● Data extract
_ _ _

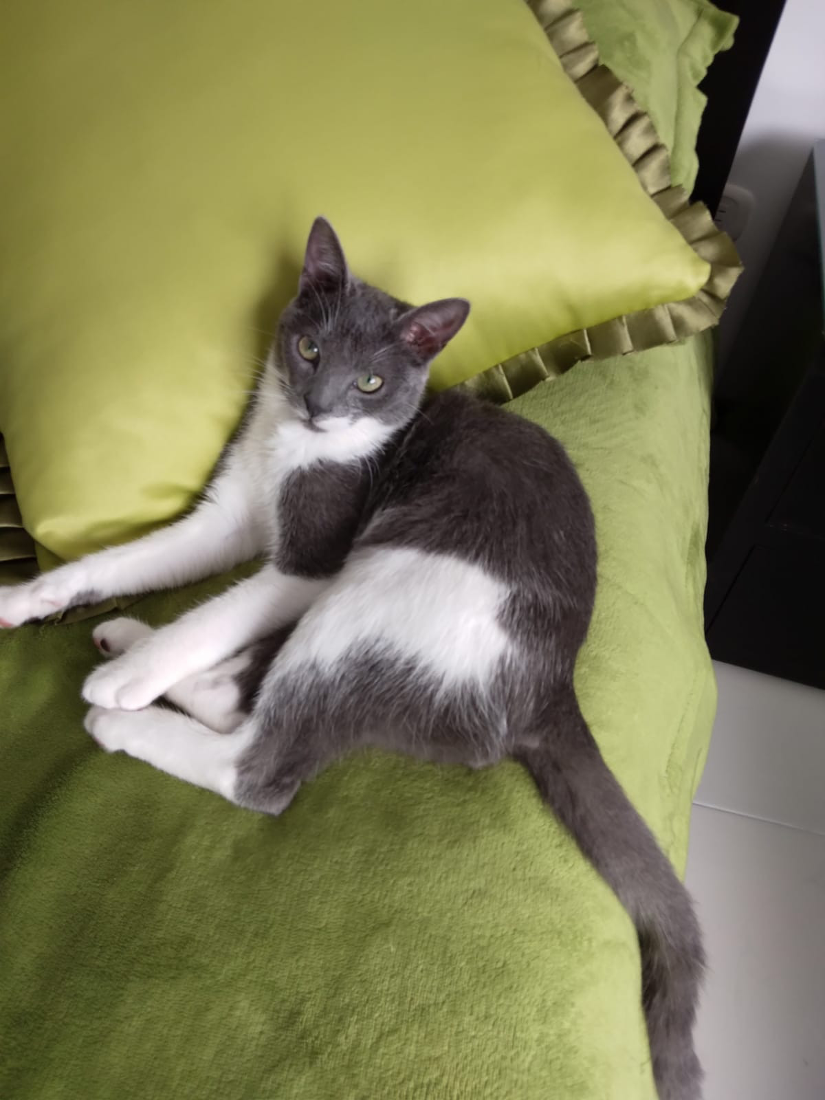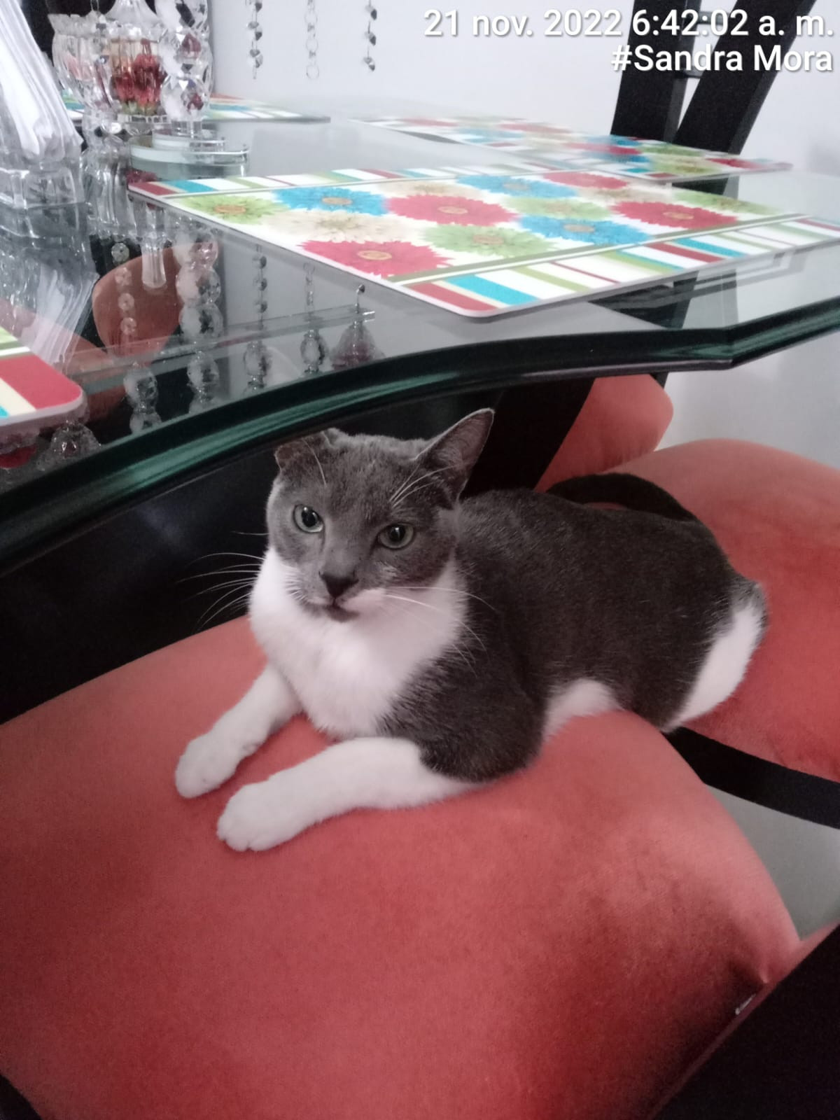 ✅ Es un gato de carita gris oscuro , ojos verdes claros, nariz gris, franja blanca delgada entre nariz y boca, mentón gris, lomo y cola gris oscuro, pecho y paticas blancas.
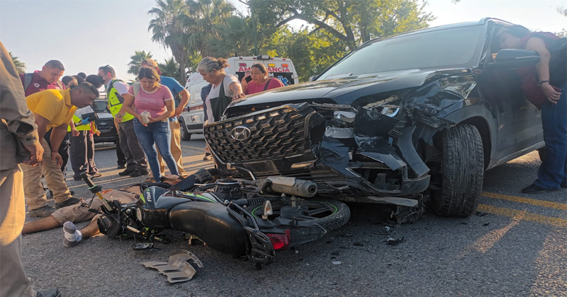 Camioneta lujosa impacta a motociclista al salir del camellón, y por sus lesiones fue necesario ingresarlo a un centro médico
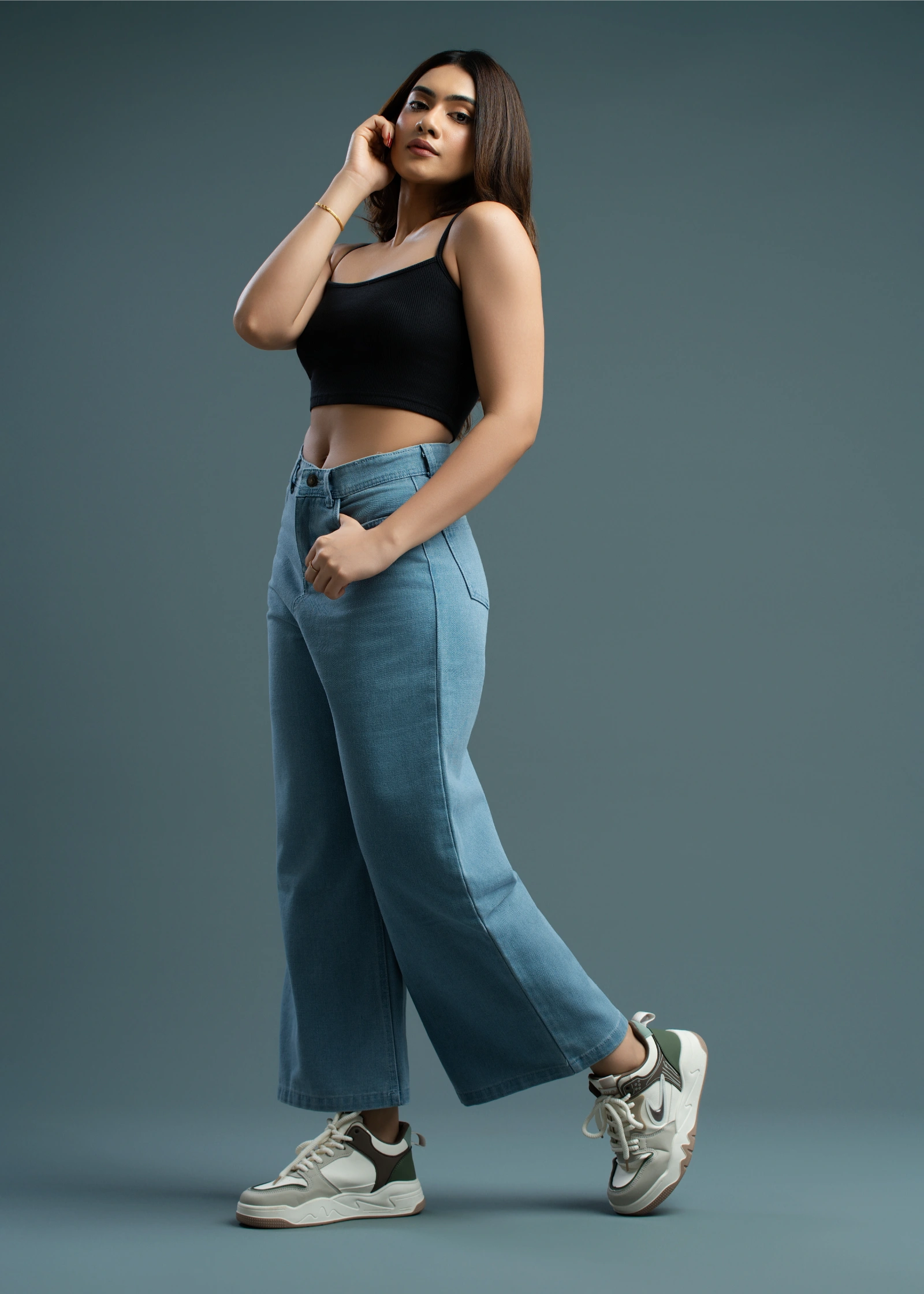Effortlessly chic, the Uptown Wide Leg Jean offers a sophisticated silhouette in premium non-stretch...
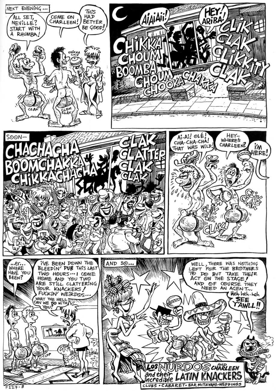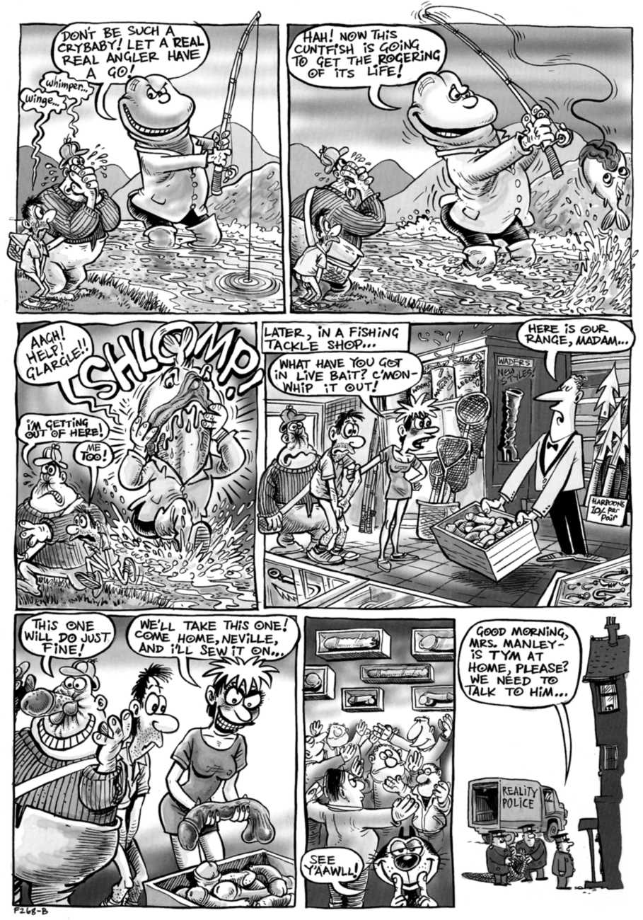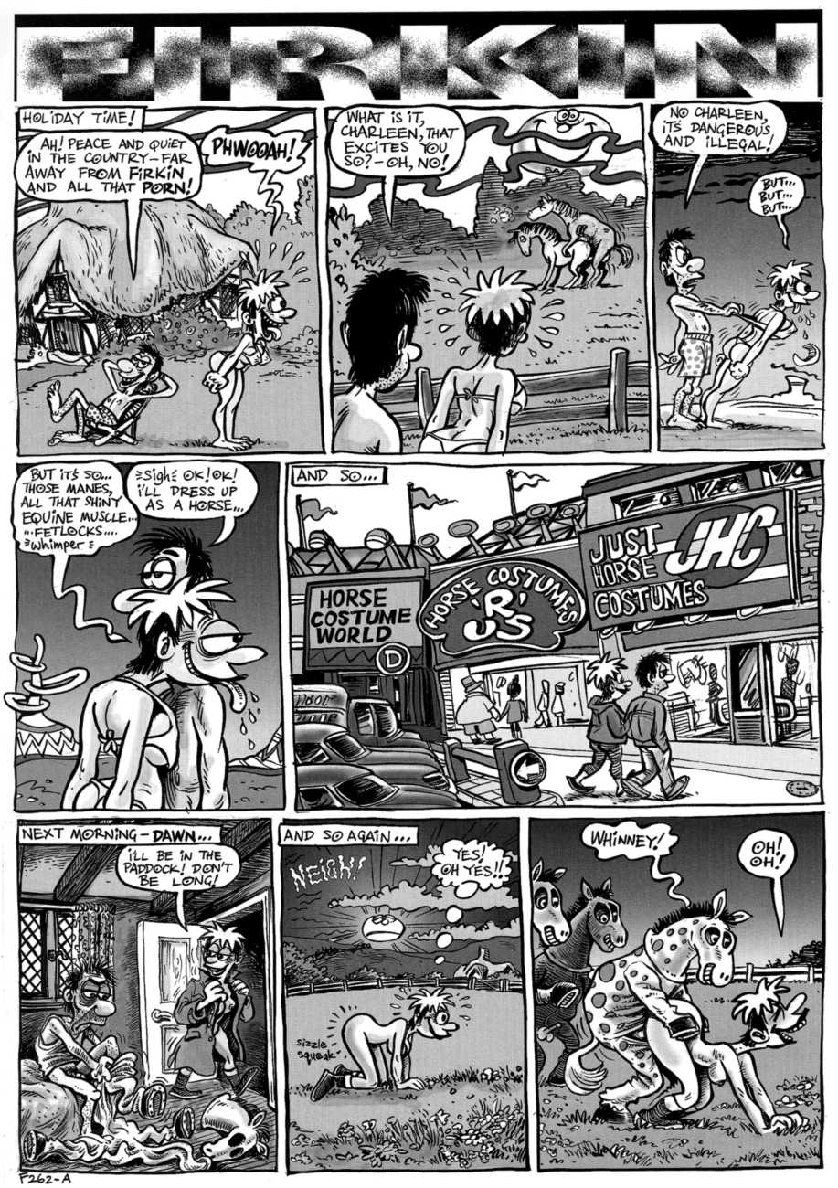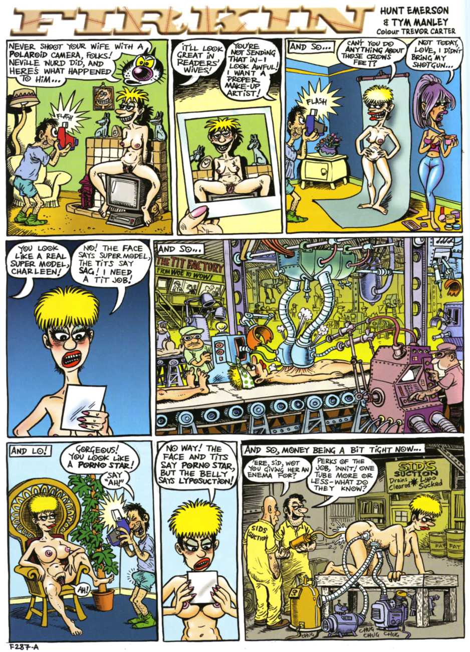 One of the great things about Firkin is that sex is generally so unglamorous in it. I go back and read them and I find myself roaring with laughter to be honest. I don’t know how Tym Manly managed to write them all, all those years. Tym was originally an editor of the magazine, but that was back in about 1968. He was a freelance writer for most of his life. He edited a mountain biking magazine and somehow or other he found himself writing Firkin. He doesn’t write any other comics. But just as I’ve done all those years, forty years of them, he was writing them. Incredible. I mean drawing them is basically sitting down and getting on with it. But writing them you have to come up with the ideas as well. God help us.

_ _ _

● Exercise description
Find the line that contains "Camioneta lujosa impacta". Copy it and every line after it through the end of the listing exactly, but not the pictures.

● Problem solution
 Camioneta lujosa impacta a motociclista al salir del camellón, y por sus lesiones fue necesario ingresarlo a un centro médico
Effortlessly chic, the Uptown Wide Leg Jean offers a sophisticated silhouette in premium non-stretch...
 One of the great things about Firkin is that sex is generally so unglamorous in it. I go back and read them and I find myself roaring with laughter to be honest. I don’t know how Tym Manly managed to write them all, all those years. Tym was originally an editor of the magazine, but that was back in about 1968. He was a freelance writer for most of his life. He edited a mountain biking magazine and somehow or other he found himself writing Firkin. He doesn’t write any other comics. But just as I’ve done all those years, forty years of them, he was writing them. Incredible. I mean drawing them is basically sitting down and getting on with it. But writing them you have to come up with the ideas as well. God help us.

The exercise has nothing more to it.